Short-sellers have always been unpopular, and they’ve managed to become even more disliked during the GameStop controversy. But in a time when the stock market appears ever less connected to economic reality, these controversial investors are more needed than ever.
What’s a short-seller?
When investors believe a business’s stock price is on a downward trajectory, they can bet on their belief by borrowing shares from other investors, with a promise to give the stock back in a certain time period, plus some interest.
A stylized example: The short investor borrows a stock, let’s say at $10, and sells it. When the stock price drops to $5 the next week, they buy the shares back, return them, and pocket a $5 profit. If the stock instead rises to $15, the short investor either closes the trade for a $5 loss, or pays more interest to keep the trade open. For short-sellers, the risk can be immense—there’s no ceiling on how high a stock can soar, meaning their losses can climb indefinitely.
The wild rise in GameStop’s stock first required many bets against its future. Investing enthusiasts on Reddit knew the hedge funds that were short-selling GameStop were vulnerable to a “short squeeze”—as long as buyers can keep the price of the stock rising, short-sellers would eventually be forced to buy GameStop shares to contain the damage. When hedge funds do this (called “short covering”), that provides another uplift for stock prices.
There was another feedback loop at play: traders were also buying lots of options for GameStop stock. Market makers selling options then bought GameStop shares to hedge themselves against losses if the options pay out. These dynamics created a vortex of demand for GameStock stock. As the game retailer’s shares skyrocketed, at least two hedge funds have closed their positions with huge losses.
Is short-selling bad?
Many people ascribe a moral dimension to short-selling. Often, these are corporate leaders who do not like to see people bet against their enterprises, for obvious reasons. Elon Musk is our most famous contemporary critic of short-sellers, who have targeted his electric car company Tesla virtually since it went public. In response, Musk toyed with taking the company private and produced derisive merch, but his real revenge was simply Tesla’s performance, which has made him the wealthiest man in the world. Former New York Stock Exchange president Tom Farley once said short-selling was “un-American”—but again, you can see why he would say that: his job was to cheerlead the stock market.

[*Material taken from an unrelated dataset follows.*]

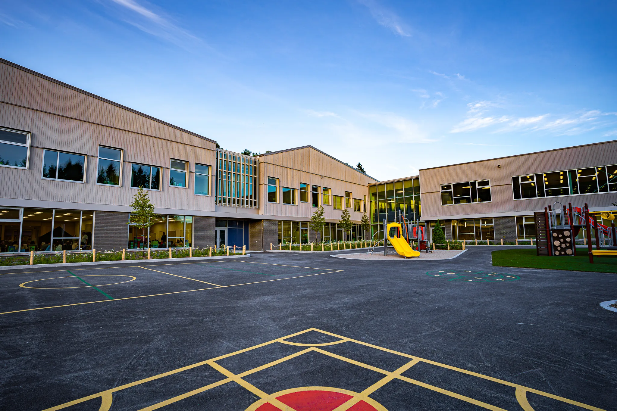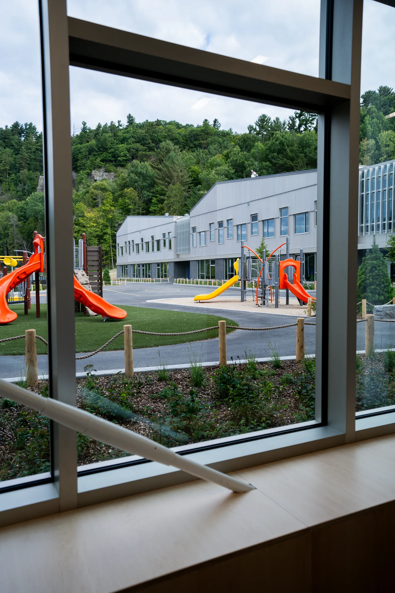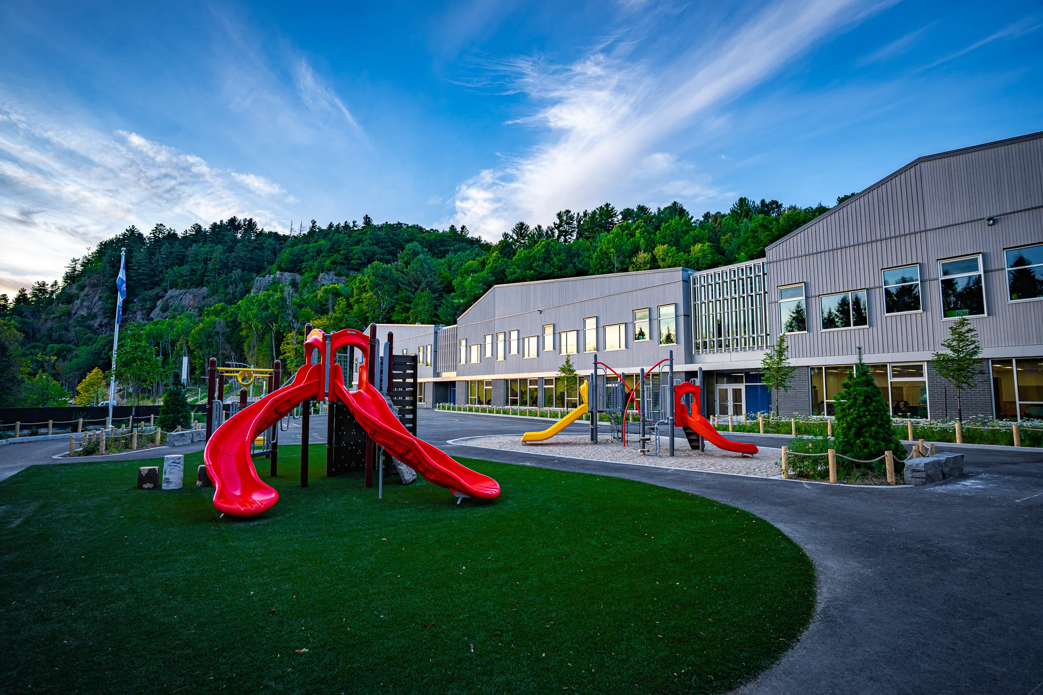 Overizon produced a video of the results for the new school in Saint-Sauveur, captured in less than 24 hours between the delivery of the project and the start of the school year. The project highlights the integration of the building into the natural environment of the Laurentians, especially at the foot of Mount Molson.

It’s interesting, then, that many people who aren’t corporate titans also think short-selling is bad. The idea of betting against a company’s success can be seen as somehow an attack on the company’s workers, or other regular investors who have bet on the stock. But this view is a mistake: Unless some huge percentage of your wealth is tied up in a single firm, short-selling is better for the average investor because it pushes back against bubbles and corporate malfeasance. Creative destruction is painful for workers, but their career prospects are likely to be better the sooner they go to a dynamic, healthy enterprise and leave a corporate zombie.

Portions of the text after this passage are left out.